Но вместо того, чтобы их приводить, имеет, наверное, смысл поближе присмотреться к самому яркому из случаев, когда автор оказался в той же ситуации, что и я, и -- отказался от борьбы, по сути согласившись с тем, что открытие его останется современниками не востребовано. Решил, иначе говоря, что общество принять его не готово. Хотя книгу, содержавшую это открытие, и опубликовал. Для потомков, надо полагать. Для нас то есть с вами.

Я имею в виду

СЛУЧАЙ КЛЮЧЕВСКОГО

Удобнее всего рассмотреть его, руководясь материалами, тщательно собранными Милицей Васильевной Нечкиной в ее монографии о Ключевском, единственной, сколько я знаю, серьезной работе, посвященной его наследию.

Как, надеюсь, помнит читатель, именно его открытие, что "правительственная деятельность Думы имела собственно законодательный характер" (51) и была она "конституционным учреждением с обширным политическим влиянием, но без конституционной хартии" (52), легло, наряду с работами историков 1960-х, в основу предложенной здесь версии "нового национального канона".
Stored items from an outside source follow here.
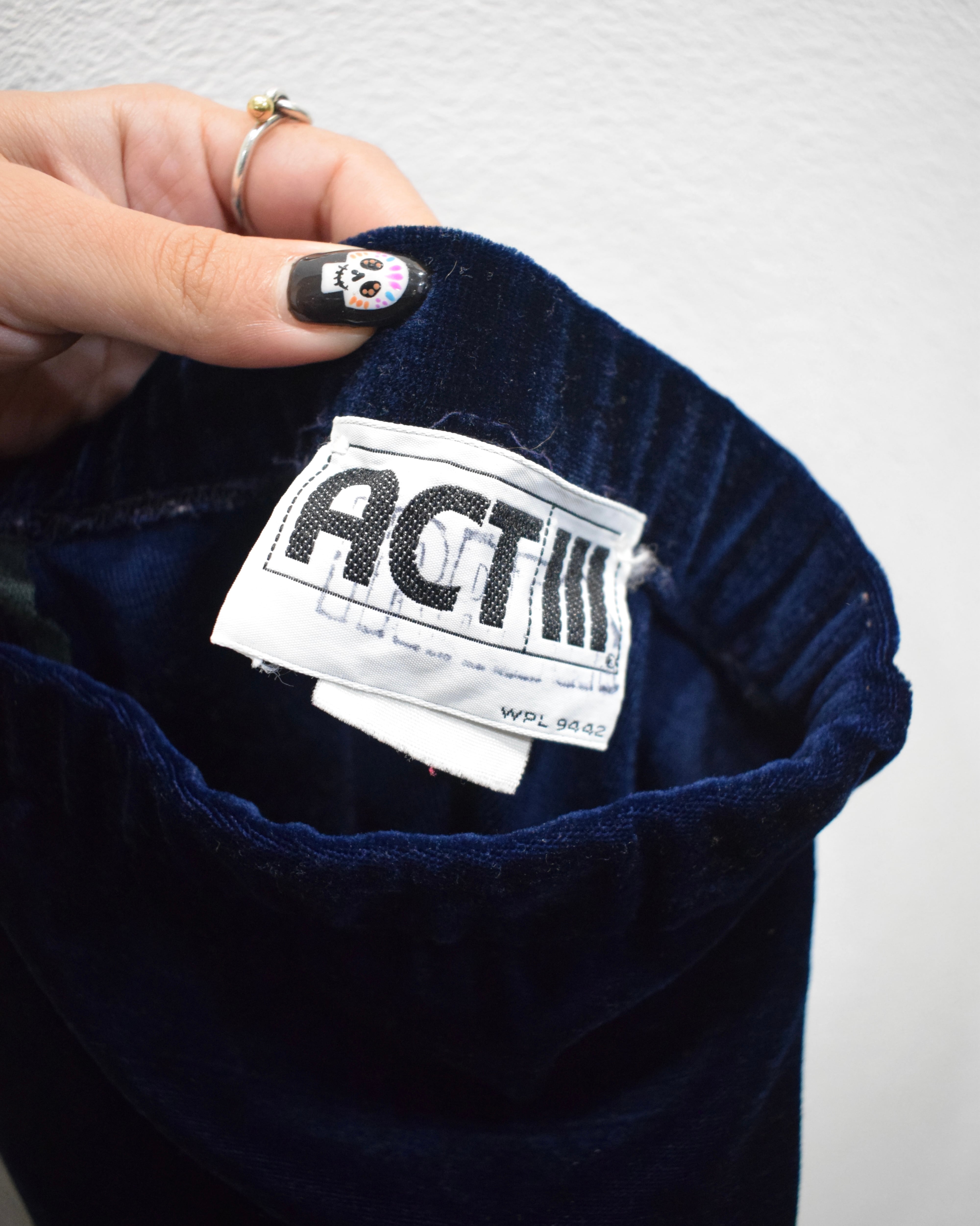 深いブルーのベロアパンツ。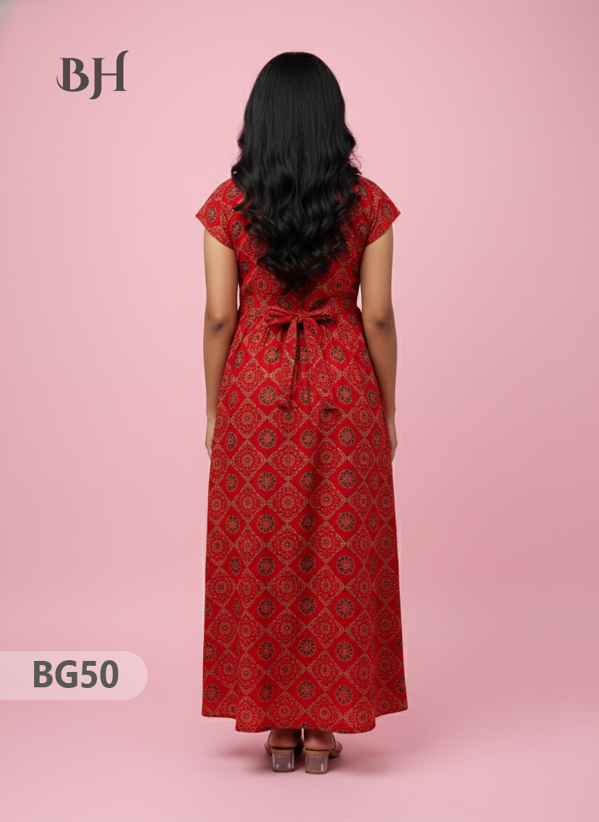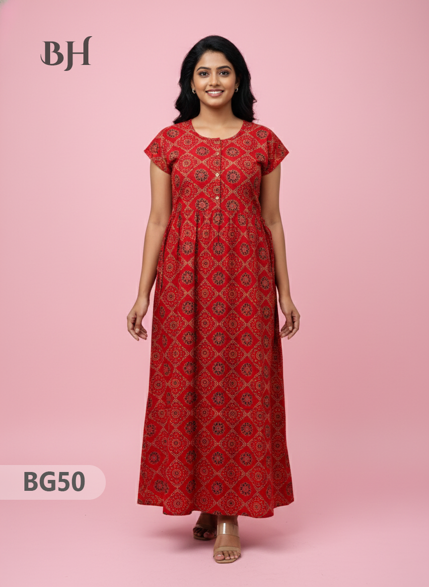 100% Cotton (Soft) Free Size → up to Bust 44" (2XL) Height (Dress Length): 53" Easy Care • Machine Washable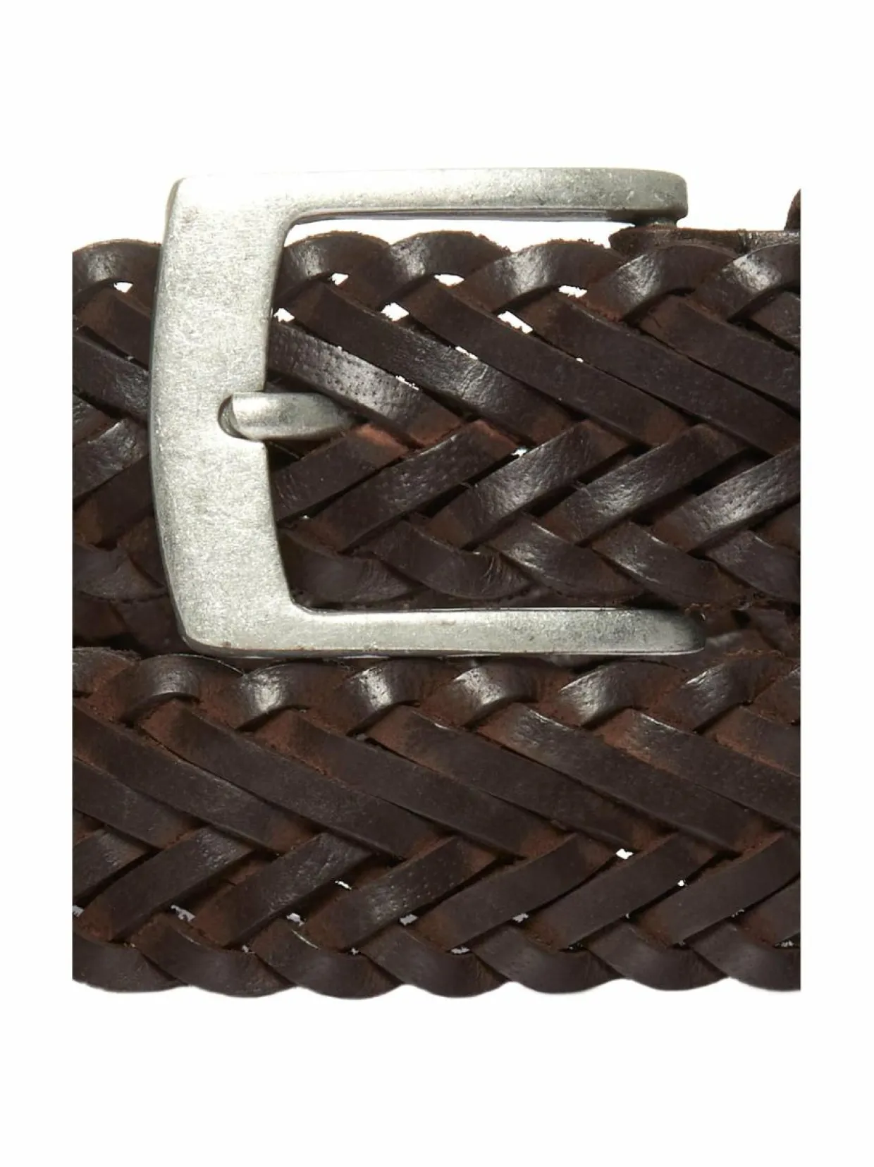 Tämä punottu vyö on valmistettu 100 % kestävästä nahasta ja siinä on hopeanvärinen metallisolki. Vyö on klassinen lisä miesten asuun. Vyö on helppo säätää sopivaksi ja se sopii useimpiin housuihin.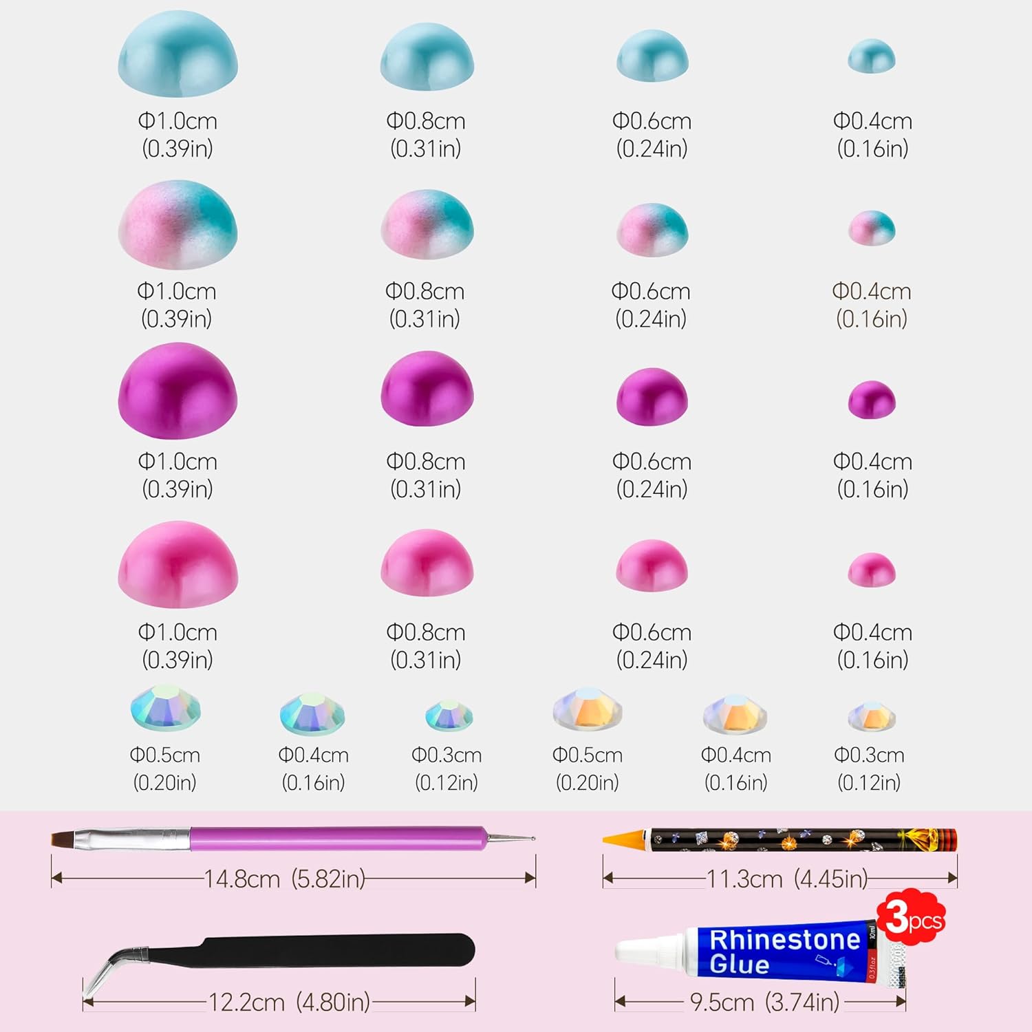 - What You Will Receive: 60g(30g*2)mixed size flat back pearls and rhinestones. 3*Rhinestone Glue. 1* wax pencil for rhinestones. 1*Pencil sharpener(color random). The mix half round pearls and rhinestones can make more beautiful handicrafts for your friends, parents, yourselfs on any festivals.If you need a mixed size pack of pearl rhinestones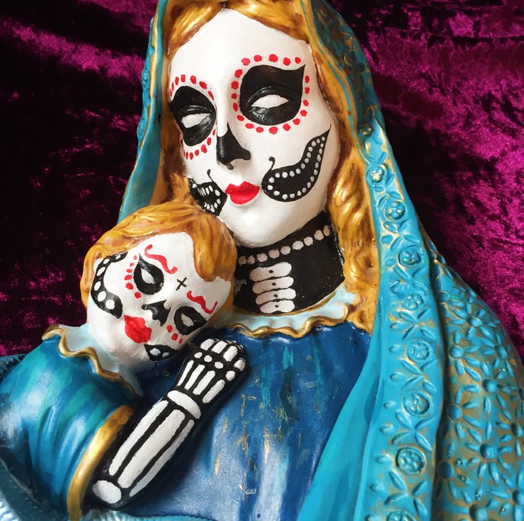 The original statue really needed some love to bring it around and seeing as it was a bust, it just called out for sugar skull style painting.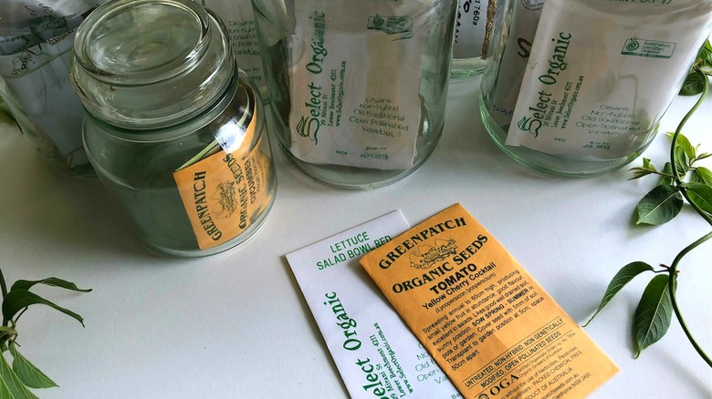 Grab your packet of seeds. It can be helpful to put the seeds in a plate or shallow bowl so you can grab them easier, rather than shaking them directly out of the seed packet.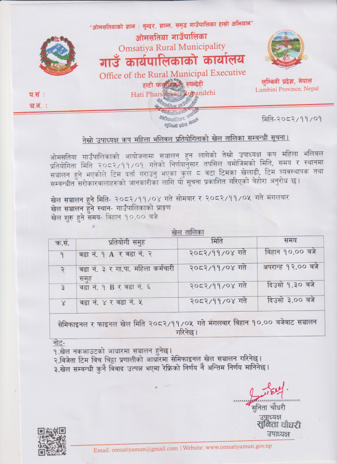 तेस्रो उपाध्यक्ष कप महिला भलिवल प्रतियोगिताको खेल तालिका सम्वन्धि सूचना !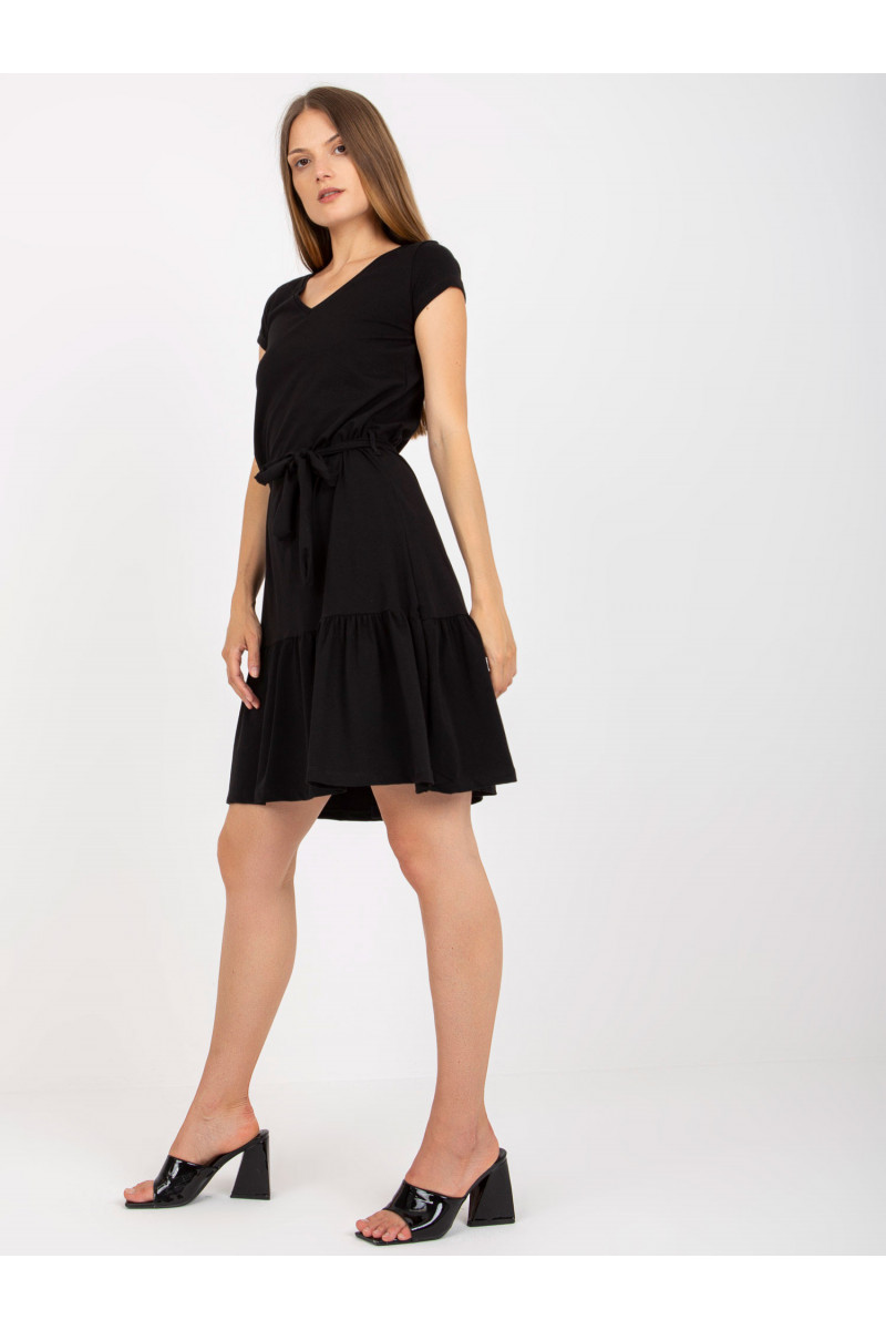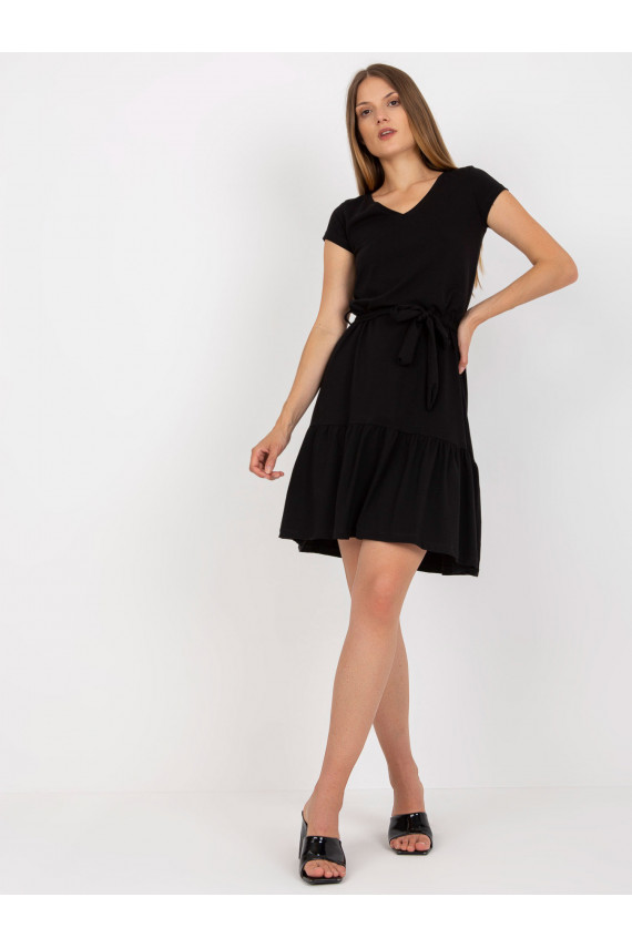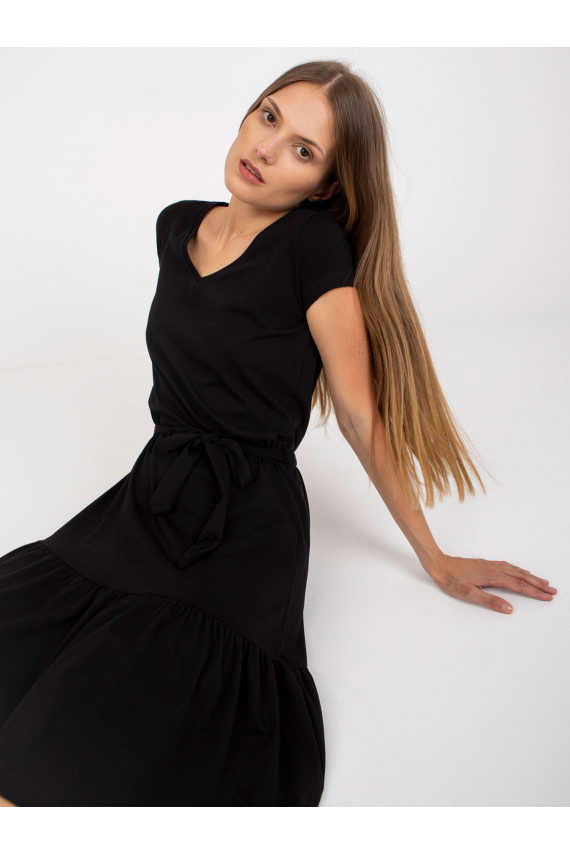 Melna kokvilnas kleita ar kaklasaiti RUE PARIS .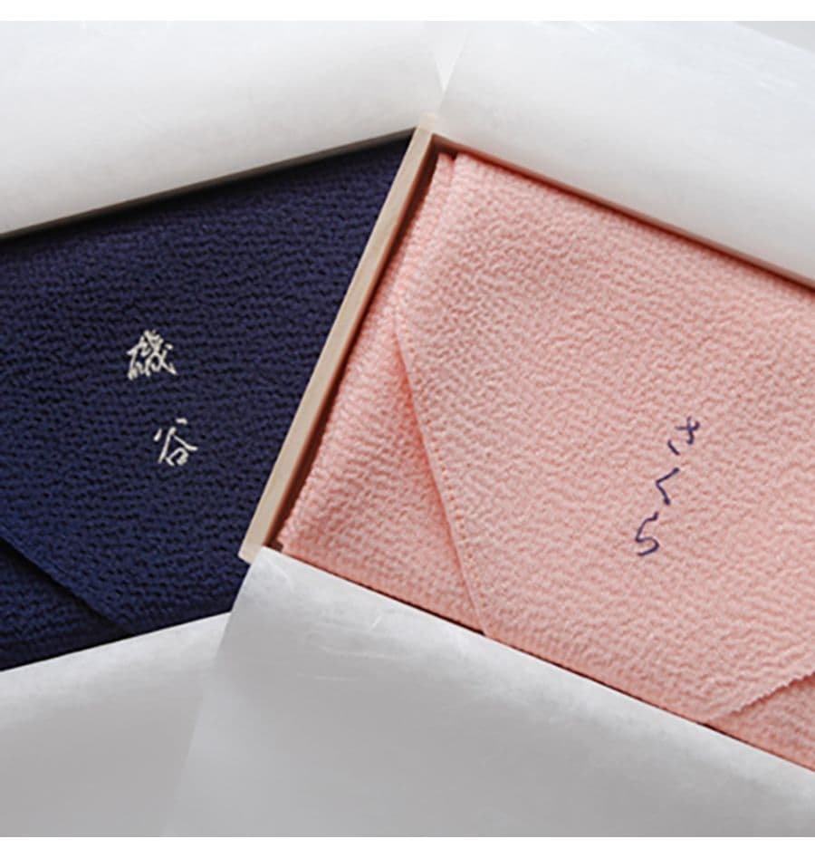 贈答はモノそのものを贈ることではなく、モノを介して気持ちを伝えることだと考えています。袱紗や風呂敷では「何故そのお色を選んだか」も贈る気持ちを伝えるメッセージとなります。その色から連想されるイメージや、季節のこと、その色と自分の関わり・・「自分が好きな色だから」でもいいと思います。そんな一言が品物と相手の距離を縮め、贈る気持ちが伝わります。(本文は120文字程度をお知らせ頂ければこちらでカードにレイアウトさせて頂きます。
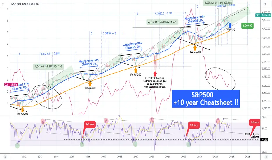 As a result, while the 1W RSI trades within its Channel Down and above 41.50 and all price candles close above the 1W MA50, we expect the index to extend the multi-year uptrend to 6900, which would represent a +95.84% rise from the October 2022 bottom, similar to the February 2015 High. Notice that the December 2021 top was also of a similar magnitude (+103%).

Ибо убедительнее чего бы то ни было свидетельствовало оно, что самодержавие было на Руси феноменом сравнительно недавним. Что, вопреки горестным ламентациям наших либералов, впервые появилось оно на исторической сцене лишь в середине XVI века, когда российскому европеизму нанесен был смертельный удар, от которого не смог он – в стране, закрепощенной самодержавием, -- оправиться на протяжении столетий.

Невозможно ведь, согласитесь, представить себе, чтобы евразийское самодержавие на протяжении поколений сосуществовало с вполне европейским конституционным учреждением. Тем более с таким, что судило и законодательствовало, т.е. правило наравне с царем. Или, говоря словами С.Ф. Платонова, который в этом следовал Ключевскому, было учреждением одновременно "правоохранительным и правообразовательным".

Так вот именно это эпохальное открытие Ключевского и подверглось в 1896 году, накануне выхода третьего издания его "Боярской думы", жестокой - и оскорбительной - атаке, "сильнейшему разгрому", по выражению Нечкиной. (53) Причем, сразу в нескольких органах печати, что по тем временам было событием экстраординарным. Впрочем, Нечкина, которой марксистское воспитание не позволило увидеть в открытии Ключевского эпоху, слегка недоумевает, из-за чего, собственно, сыр-бор разгорелся.

Она предположила даже, что просто "петербургская историко-правовая школа давно была настроена против московской и постоянно претендовала на лидерство. В эти годы ученая Москва чаще имела репутацию новатора и либерала, ученый же академический Петербург, может быть, в силу большей близости к монаршему престолу, держался консервативных традиций". (54) Неуверенная, однако, в столь легковесном объяснении сенсационного скандала, Нечкина попыталась привязать его к более привычной советской историографии тематике. "Половина 90-х годов прошлого века, - подчеркнула она, - отмечена не только нарастанием рабочего движения, но и его созреванием. Усиливается распространение марксизма... Возникает партия пролетариата". (55)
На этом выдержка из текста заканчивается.